(Records provided begins)

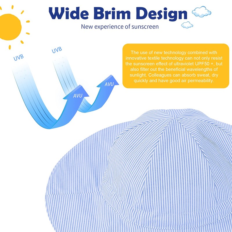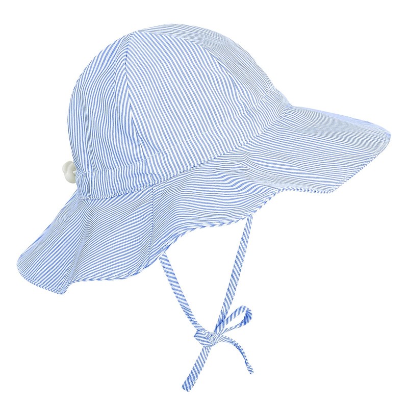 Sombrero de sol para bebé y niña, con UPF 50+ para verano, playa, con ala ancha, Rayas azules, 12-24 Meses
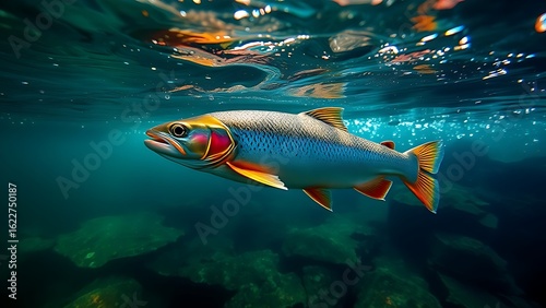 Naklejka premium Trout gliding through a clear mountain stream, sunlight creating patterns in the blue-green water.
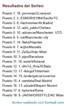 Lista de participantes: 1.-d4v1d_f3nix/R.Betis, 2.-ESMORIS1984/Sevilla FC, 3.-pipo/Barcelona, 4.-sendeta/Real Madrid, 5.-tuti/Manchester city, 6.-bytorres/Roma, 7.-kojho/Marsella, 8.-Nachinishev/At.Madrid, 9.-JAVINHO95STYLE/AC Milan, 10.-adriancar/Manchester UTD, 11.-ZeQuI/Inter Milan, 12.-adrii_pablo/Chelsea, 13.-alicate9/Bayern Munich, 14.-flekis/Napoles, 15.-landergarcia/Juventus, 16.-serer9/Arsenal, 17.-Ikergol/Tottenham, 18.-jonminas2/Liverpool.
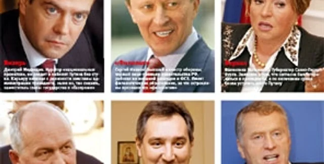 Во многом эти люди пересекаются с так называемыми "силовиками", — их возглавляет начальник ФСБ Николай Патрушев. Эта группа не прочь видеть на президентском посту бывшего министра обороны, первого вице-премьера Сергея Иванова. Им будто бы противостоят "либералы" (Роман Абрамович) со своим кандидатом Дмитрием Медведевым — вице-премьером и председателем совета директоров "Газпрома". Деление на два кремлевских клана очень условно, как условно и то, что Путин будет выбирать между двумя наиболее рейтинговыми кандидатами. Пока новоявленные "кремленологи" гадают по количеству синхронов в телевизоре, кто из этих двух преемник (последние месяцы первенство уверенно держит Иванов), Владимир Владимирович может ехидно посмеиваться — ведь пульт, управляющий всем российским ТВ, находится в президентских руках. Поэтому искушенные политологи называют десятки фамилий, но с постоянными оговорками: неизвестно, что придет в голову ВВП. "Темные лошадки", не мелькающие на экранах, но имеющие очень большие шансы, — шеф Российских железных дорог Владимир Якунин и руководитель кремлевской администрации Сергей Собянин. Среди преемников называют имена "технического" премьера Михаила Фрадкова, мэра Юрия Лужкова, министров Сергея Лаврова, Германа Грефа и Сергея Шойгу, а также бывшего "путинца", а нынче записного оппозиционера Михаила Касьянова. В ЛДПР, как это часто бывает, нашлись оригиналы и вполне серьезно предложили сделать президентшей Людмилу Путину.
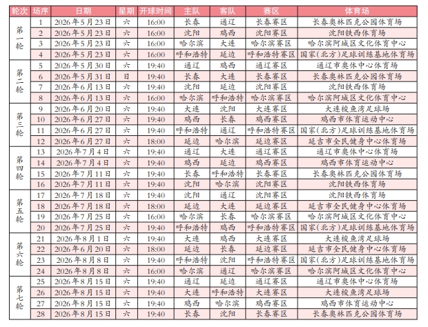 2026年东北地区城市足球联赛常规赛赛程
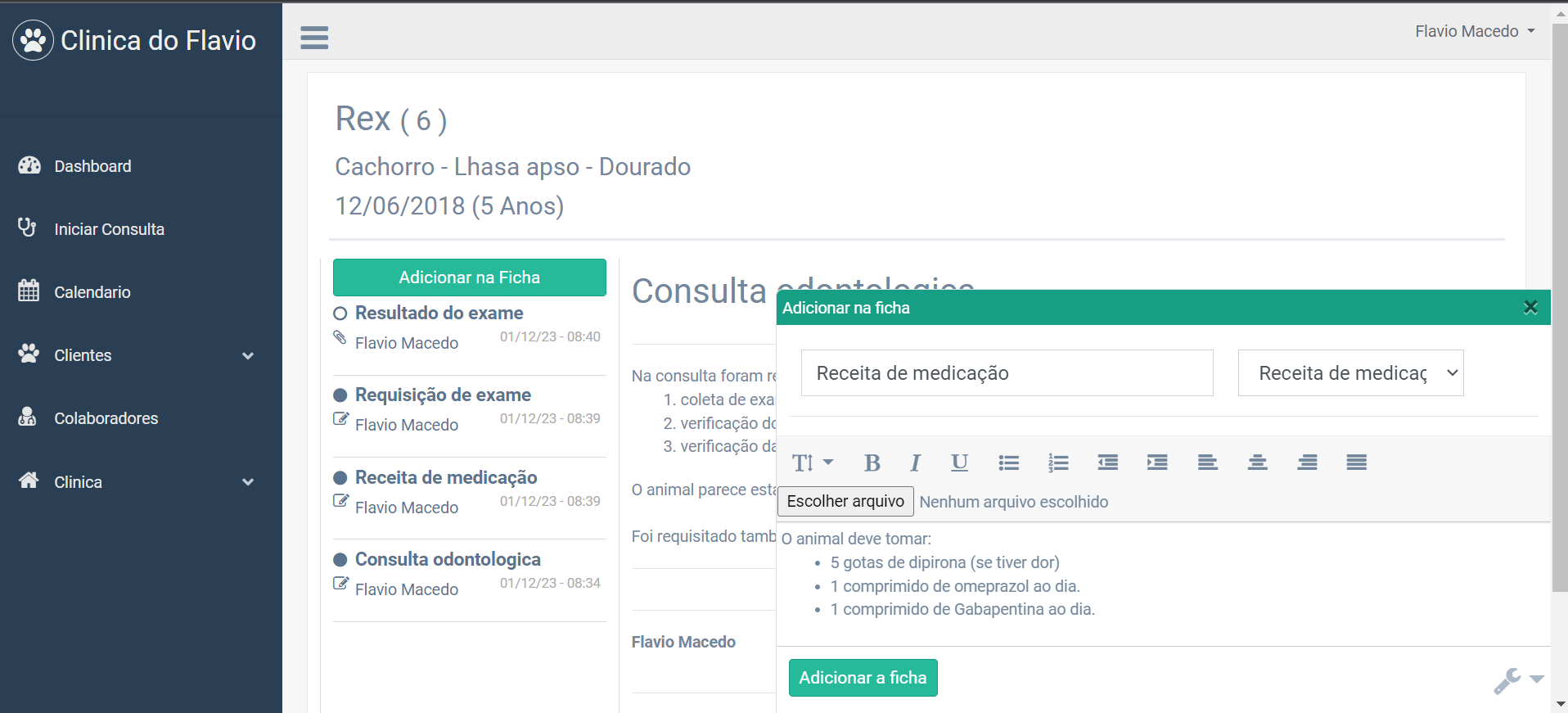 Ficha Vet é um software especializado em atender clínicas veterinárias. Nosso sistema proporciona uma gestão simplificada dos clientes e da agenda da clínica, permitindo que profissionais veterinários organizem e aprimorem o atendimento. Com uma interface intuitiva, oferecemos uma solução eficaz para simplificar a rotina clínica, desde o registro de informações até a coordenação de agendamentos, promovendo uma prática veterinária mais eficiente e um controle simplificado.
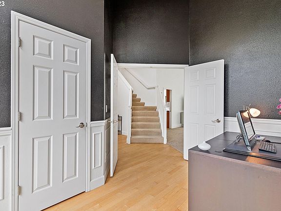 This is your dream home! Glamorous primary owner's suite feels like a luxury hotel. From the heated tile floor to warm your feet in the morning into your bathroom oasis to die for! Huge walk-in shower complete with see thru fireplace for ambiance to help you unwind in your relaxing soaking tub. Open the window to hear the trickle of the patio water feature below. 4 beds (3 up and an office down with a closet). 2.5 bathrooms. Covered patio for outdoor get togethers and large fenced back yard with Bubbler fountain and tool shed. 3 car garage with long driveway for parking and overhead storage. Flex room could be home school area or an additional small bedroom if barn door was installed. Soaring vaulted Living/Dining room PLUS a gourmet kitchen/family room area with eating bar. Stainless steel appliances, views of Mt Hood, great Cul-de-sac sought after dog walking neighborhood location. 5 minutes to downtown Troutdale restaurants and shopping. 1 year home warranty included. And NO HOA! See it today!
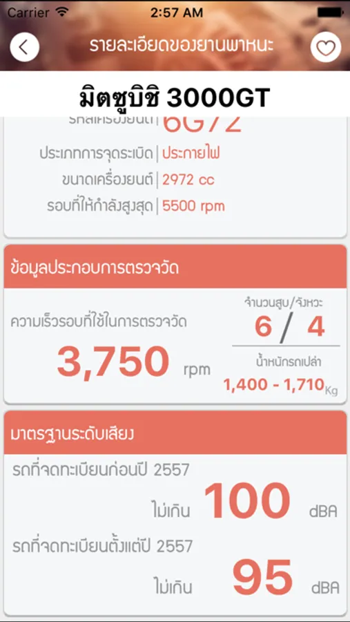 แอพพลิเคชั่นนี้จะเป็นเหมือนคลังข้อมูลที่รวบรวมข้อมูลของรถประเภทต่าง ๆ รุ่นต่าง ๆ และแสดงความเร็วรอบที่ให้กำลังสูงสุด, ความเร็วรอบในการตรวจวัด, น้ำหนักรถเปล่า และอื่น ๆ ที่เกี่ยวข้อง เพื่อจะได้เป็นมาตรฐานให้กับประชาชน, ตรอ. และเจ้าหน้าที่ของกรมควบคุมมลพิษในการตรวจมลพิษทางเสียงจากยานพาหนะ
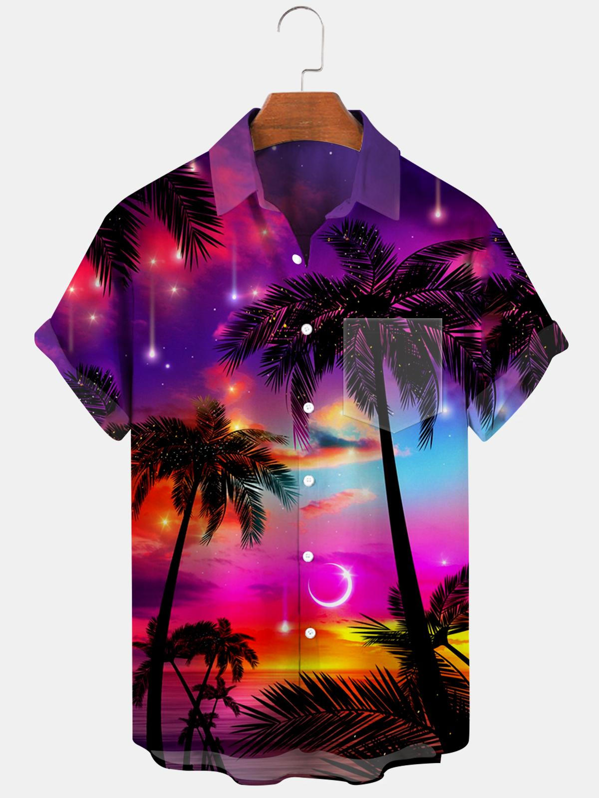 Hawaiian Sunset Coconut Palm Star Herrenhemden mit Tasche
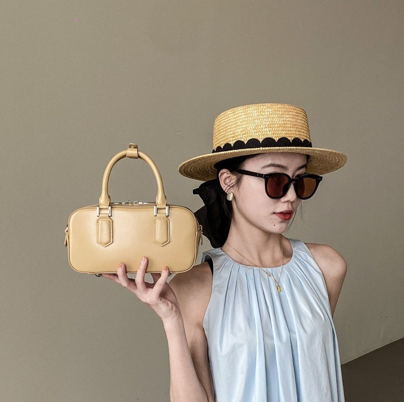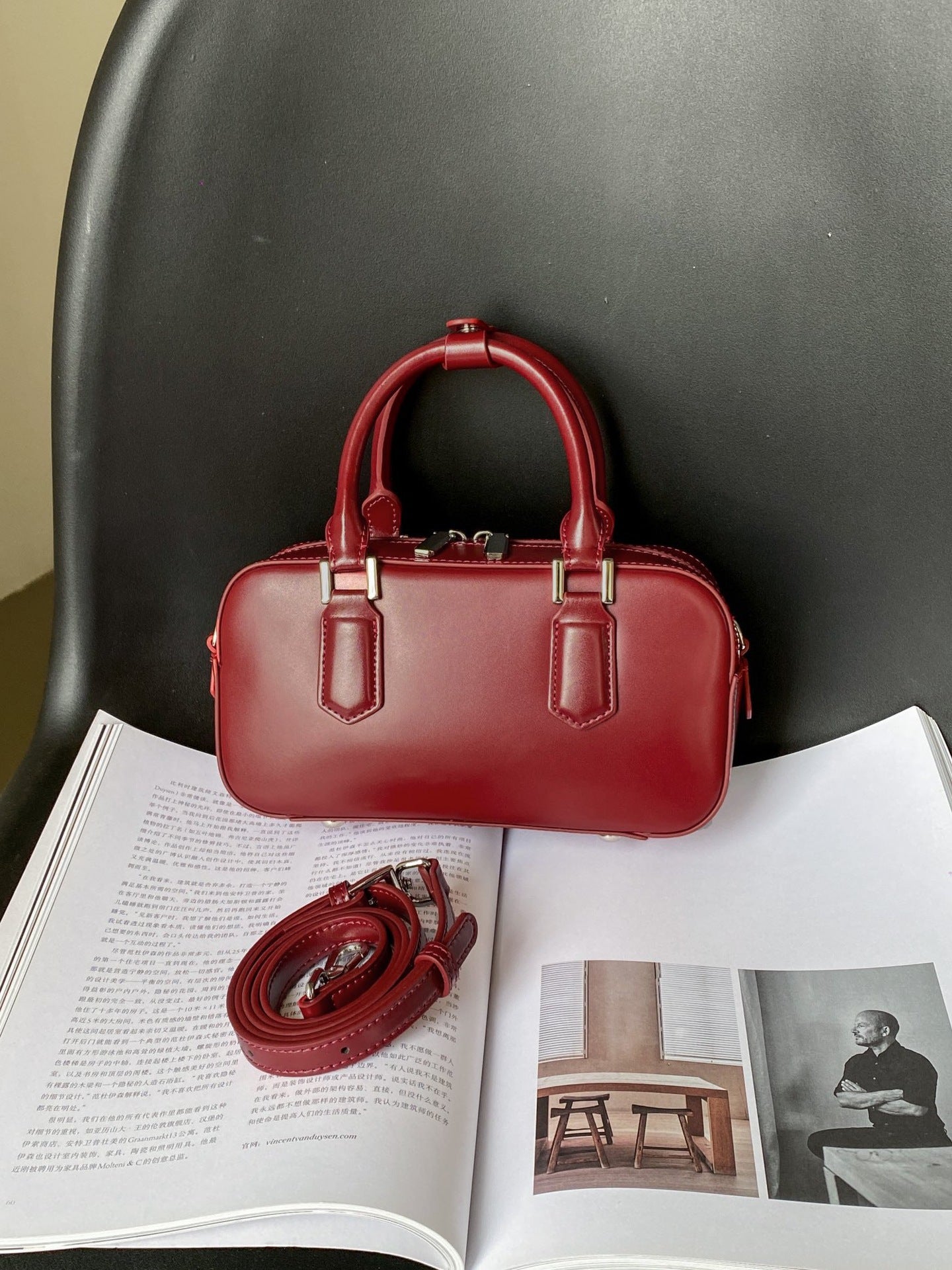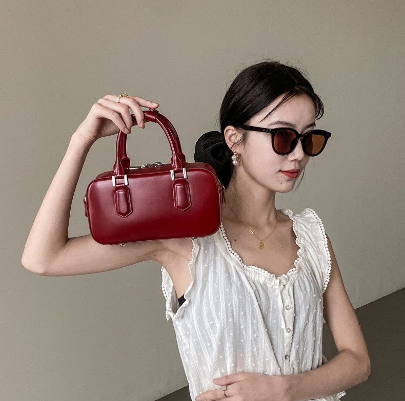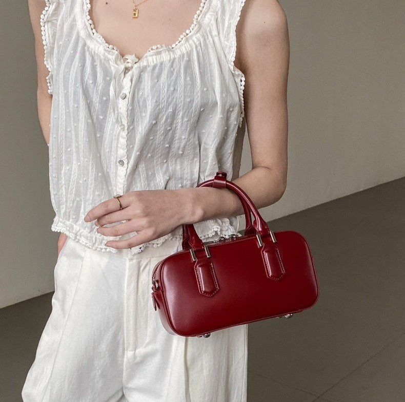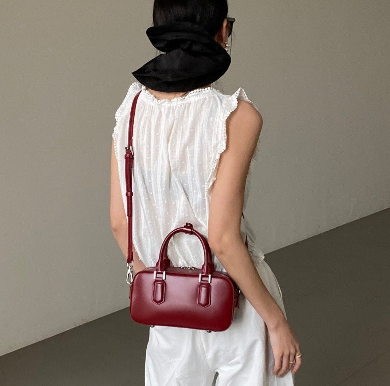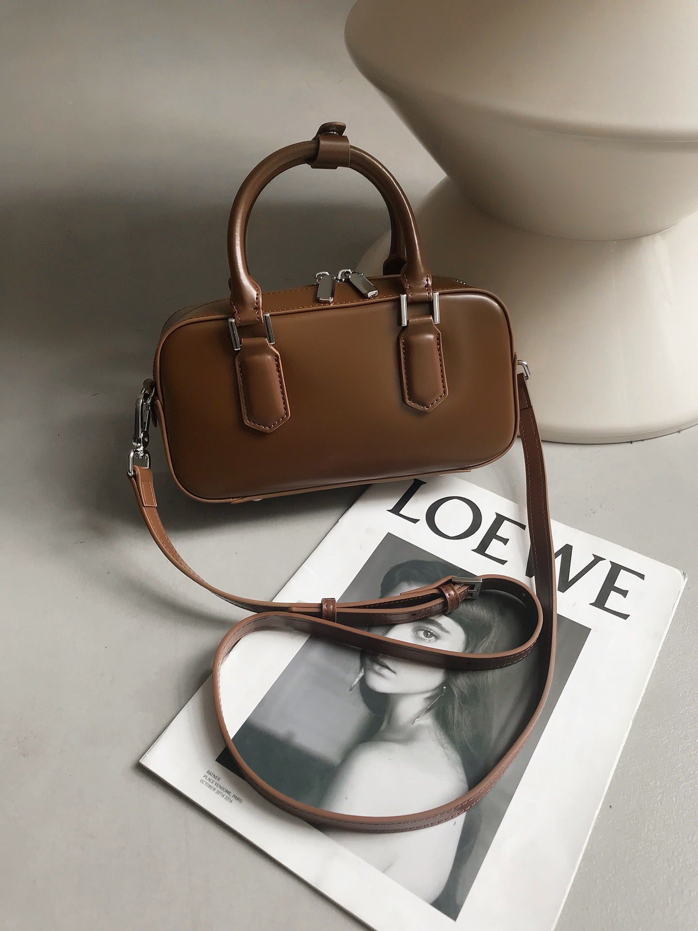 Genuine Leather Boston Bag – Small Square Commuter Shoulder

(Records provided ends)

Write out exactly the lines between the start of the data and the line with "Naklejka premium Trout", including both, but none of the pictures.

 Sombrero de sol para bebé y niña, con UPF 50+ para verano, playa, con ala ancha, Rayas azules, 12-24 Meses
 Naklejka premium Trout gliding through a clear mountain stream, sunlight creating patterns in the blue-green water.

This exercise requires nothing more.